Is that 68 indices being generated per day, each with 21 primary shards and possibly the same number of replica shards? What is your average and maximum shard size? What is your total retention period?

the indices were generated everyday, but replica shards is 0. as i said before , the store size is 1.5T everyday.(I found one index is huge:1T above.) ,

can you tell me what will cause the long time gc even the jvm memory setting is 30gb ?

It looks like you are suffering from heap pressure on the cold nodes. How many shards do you have per cold node? How much data do you have on each cold node?

It seems like your average shard size is just around 1GB on the hot nodes. This is quite small and will result in more overhead than if you used larger shards. An average shard size around 20GB or 30GB is not uncommon. I would therefore recommend dramatically reducing the number of shards for smaller indices as they probably waste a lot of resources.

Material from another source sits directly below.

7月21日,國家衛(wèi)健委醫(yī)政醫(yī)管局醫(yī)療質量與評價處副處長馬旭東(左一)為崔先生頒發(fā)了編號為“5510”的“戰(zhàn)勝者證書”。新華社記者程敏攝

you mean too large shards moved from hot nodes to cold nodes will cause long time gc ,or jvm oom?

No, I suspect that having too many small shards on the cold nodes is what is causing problems.

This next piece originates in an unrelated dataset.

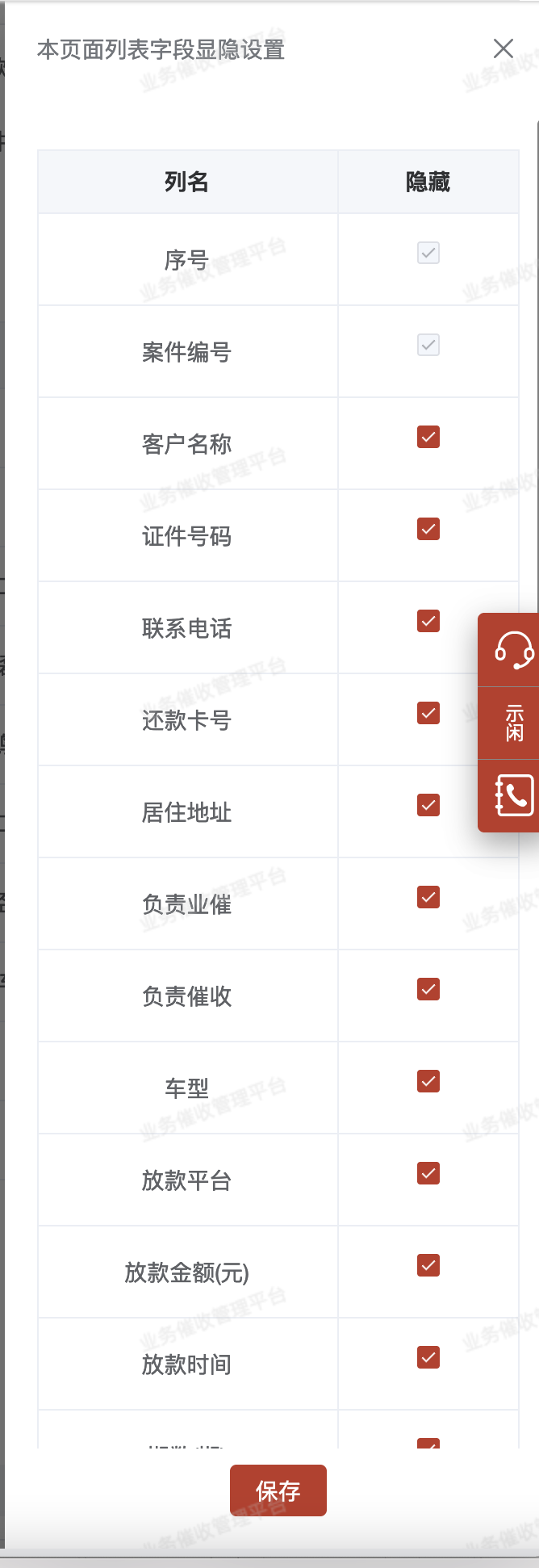 a)显隐列:点击设置列表展示和隐藏的字段;

help ,help , I think it's the same root cause ,now the cluster is dead, the master keep telling :

[2017-09-08T13:58:14,426][DEBUG][o.e.a.a.i.m.p.TransportPutMappingAction] [BrSJ2NM] failed to put mappings on indices [[[pdc_20170908/37e0NIffQ6-Y_Cr5Bau5qQ]]], type [log]
org.elasticsearch.cluster.metadata.ProcessClusterEventTimeoutException: failed to process cluster event (put-mapping) within 30s
        at org.elasticsearch.cluster.service.ClusterService$ClusterServiceTaskBatcher.lambda$null$0(ClusterService.java:255) [elasticsearch-5.5.0.jar:5.5.0]
        at org.elasticsearch.cluster.service.ClusterService$ClusterServiceTaskBatcher$$Lambda$2434/1961004673.accept(Unknown Source) [elasticsearch-5.5.0.jar:5.5.0]
        at java.util.ArrayList.forEach(ArrayList.java:1249) [?:1.8.0_40]
        at org.elasticsearch.cluster.service.ClusterService$ClusterServiceTaskBatcher.lambda$onTimeout$1(ClusterService.java:254) [elasticsearch-5.5.0.jar:5.5.0]
        at org.elasticsearch.cluster.service.ClusterService$ClusterServiceTaskBatcher$$Lambda$2433/1790943430.run(Unknown Source) [elasticsearch-5.5.0.jar:5.5.0]
        at org.elasticsearch.common.util.concurrent.ThreadContext$ContextPreservingRunnable.run(ThreadContext.java:569) [elasticsearch-5.5.0.jar:5.5.0]
        at java.util.concurrent.ThreadPoolExecutor.runWorker(ThreadPoolExecutor.java:1142) [?:1.8.0_40]
        at java.util.concurrent.ThreadPoolExecutor$Worker.run(ThreadPoolExecutor.java:617) [?:1.8.0_40]
        at java.lang.Thread.run(Thread.java:745) [?:1.8.0_40]

how to recovery the cluster ASAP?

Having too many indices and shards is such a common problem that I created a blog post with some guidance and best practices.

This topic was automatically closed 28 days after the last reply. New replies are no longer allowed.